Evidently he belonged to the class of smugglers who ply their trade
without resorting to violent courses, and who only exert patience and

craft to defraud the government. His face was manly and sunburned. His
eyes, which were bright as an eagle's, were of a clear yellow color,

and his sharply-cut nose with its slight curve at the tip was very
much like an eagle's beak. His cheeks were covered with down, his red

lips were half open, giving a glimpse of a set of teeth of dazzling
whiteness. His beard, moustache, and the reddish whiskers, which he

allowed to grow, and which curled naturally, still further heightened
the masculine and forbidding expression of his face. Everything about

him spoke of strength. He was broad-chested; constant activity had
made the muscles of his hands curiously firm and prominent. There was

the quick intelligence of a savage about his glances; he looked
resolute, fearless, and imperturbable, like a man accustomed to put

his life in peril, and whose physical and mental strength had been so
often tried by dangers of every kind, that he no longer felt any

doubts about himself. He wore a blouse that had suffered a good deal
from thorns and briars, and he had a pair of leather soles bound to

his feet by eel-skin thongs, and a pair of torn and tattered blue
linen breeches through which his legs were visible, red, wiry, hard,

and muscular as those of a stag.
"There you see the man who once fired a shot at me," Benassis remarked

to the commandant in a low voice. "If at this moment I were to signify
to him my desire to be rid of any one, he would kill them without

scruple.--Butifer!" he went on, addressing the poacher, "I fully
believed you to be a man of your word; I pledged mine for you because

I had your promise. My promise to the procureur du roi at Grenoble was
based upon your vow never to go poaching again, and to turn over a new

leaf and become a steady, industriousworker. You fired that shot just
now, and here you are, on the Comte de Labranchoir's estate! Eh! you

miscreant? Suppose his keeper had happened to hear you? It is a lucky
thing for you that I shall take no formal cognizance of this offence;

if I did, you would come up as an old offender, and of course you have
no gun license! I let you keep that gun of yours out of tenderness for

your attachment to the weapon."
"It is a beauty," said the commandant, who recognized a duck gun from

Sainte Etienne.
The smuggler raised his head and looked at Genestas by way of

acknowledging the compliment.
"Butifer," continued Benassis, "if your conscience does not reproach

you, it ought to do so. If you are going to begin your old tricks
again, you will find yourself once more in a park enclosed by four

stone walls, and no power on earth will save you from the hulks; you
will be a marked man, and your character will be ruined. Bring your

gun to me to-night, I will take care of it for you."
Butifer gripped the barrel of his weapon in a convulsive clutch.
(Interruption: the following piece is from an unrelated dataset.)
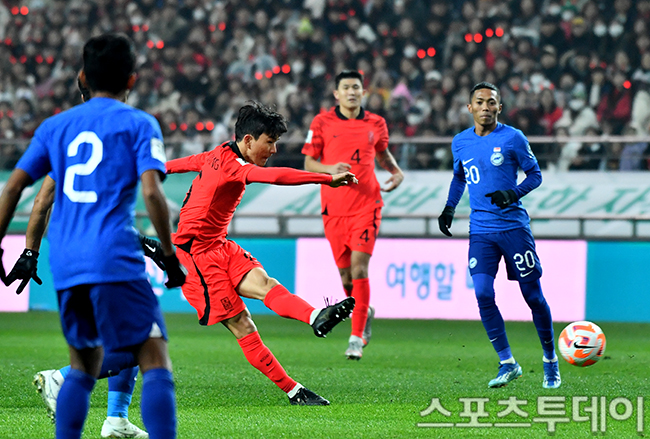 [½ºÆ÷Ã÷Åõµ¥ÀÌ ÆØÇöÁØ ±âÀÚ] 16ÀÏ ¼¿ï »ó¾Ï¿ùµåÄŰæ±âÀå¿¡¼ ¿¸° 2026 FIFA ºÏÁß¹Ì ¿ùµåÄÅ ¾Æ½Ã¾Æ Áö¿ª 2Â÷ ¿¹¼± CÁ¶ 1Â÷Àü Çѱ¹°ú ½Ì°¡Æ÷¸£ÀÇ °æ±â, Àü¹Ý Çѱ¹ ȲÀιüÀÌ ½¸À» Çϰí ÀÖ´Ù. 2023.11.16.

"You are right, sir," he said; "I have done wrong, I have broken
bounds, I am a cur. My gun ought to go to you, but when you take it

away from me, you take all that I have in the world. The last shot
which my mother's son will fire shall be through my own head. . . .

What would you have? I did as you wanted me. I kept quiet all winter;
but the spring came, and the sap rose. I am not used to day labor. It

is not in my nature to spend my life in fattening fowls; I cannot
stoop about turning over the soil for vegetables, nor flourish a whip

and drive a cart, nor scrub down a horse in a stable all my life, so I
must die of starvation, I suppose? I am only happy when I am up

there," he went on after a pause, pointing to the mountains. "And I
have been about among the hills for the past week; I got a sight of a

chamois, and I have the chamois there," he said, pointing to the top
of the crag; "it is at your service! Dear M. Benassis, leave me my

gun. Listen! I will leave the Commune, foi de Butifer! I will go to
the Alps; the chamois-hunters will not say a word; on the contrary,

they will receive me with open arms. I shall come to grief at the
bottom of some glacier; but, if I am to speak my mind, I would rather

live for a couple of years among the heights, where there are no
governments, nor excisemen, nor gamekeepers, nor procureurs du roi,

than grovel in a marsh for a century. You are the only one that I
shall be sorry to leave behind; all the rest of them bore me! When you

are in the right, at any rate you don't worry one's life out----"
"And how about Louise?" asked Benassis. Butifer paused and turned

thoughtful.
"Eh! learn to read and write, my lad," said Genestas; "come and enlist

in my regiment, have a horse to ride, and turn carabineer. If they
once sound 'to horse' for something like a war, you will find out that

Providence made you to live in the midst of cannon, bullets, and
battalions, and they will make a general of you."

"Ye-es, if Napoleon was back again," answered Butifer.
"You know our agreement," said the doctor. "At the second infraction

of it, you undertook to go for a soldier. I give you six months in
which to learn to read and write, and then I will find some young

gentleman who wants a substitute."
Butifer looked at the mountains.

"Oh! you shall not go to the Alps," cried Benassis. "A man like you, a
man of his word, with plenty of good stuff in him, ought to serve his

country and command a brigade, and not come to his end trailing after
a chamois. The life that you are leading will take you straight to the

convict's prison. After over-fatiguing yourself, you are obliged to
take a long rest; and, in the end, you will fall into idle ways that

will be the ruin of any notions of orderlyexistence that you have;
you will get into the habit of putting your strength to bad uses, and

you will take the law into your own hands. I want to put you, in spite
of yourself, into the right path."

"So I am to pine and fret myself to death? I feel suffocated whenever
I am in a town. I cannot hold out for more than a day, in Grenoble,

when I take Louise there----"
"We all have our whims, which we must manage to control, or turn them

to account for our neighbor's benefit. But it is late, and I am in a
hurry. Come to see me to-morrow, and bring your gun along with you. We

will talk this over, my boy. Good-bye. Go and sell your chamois in
Grenoble."

The two horsemen went on their way.
"That is what I call a man," said Genestas.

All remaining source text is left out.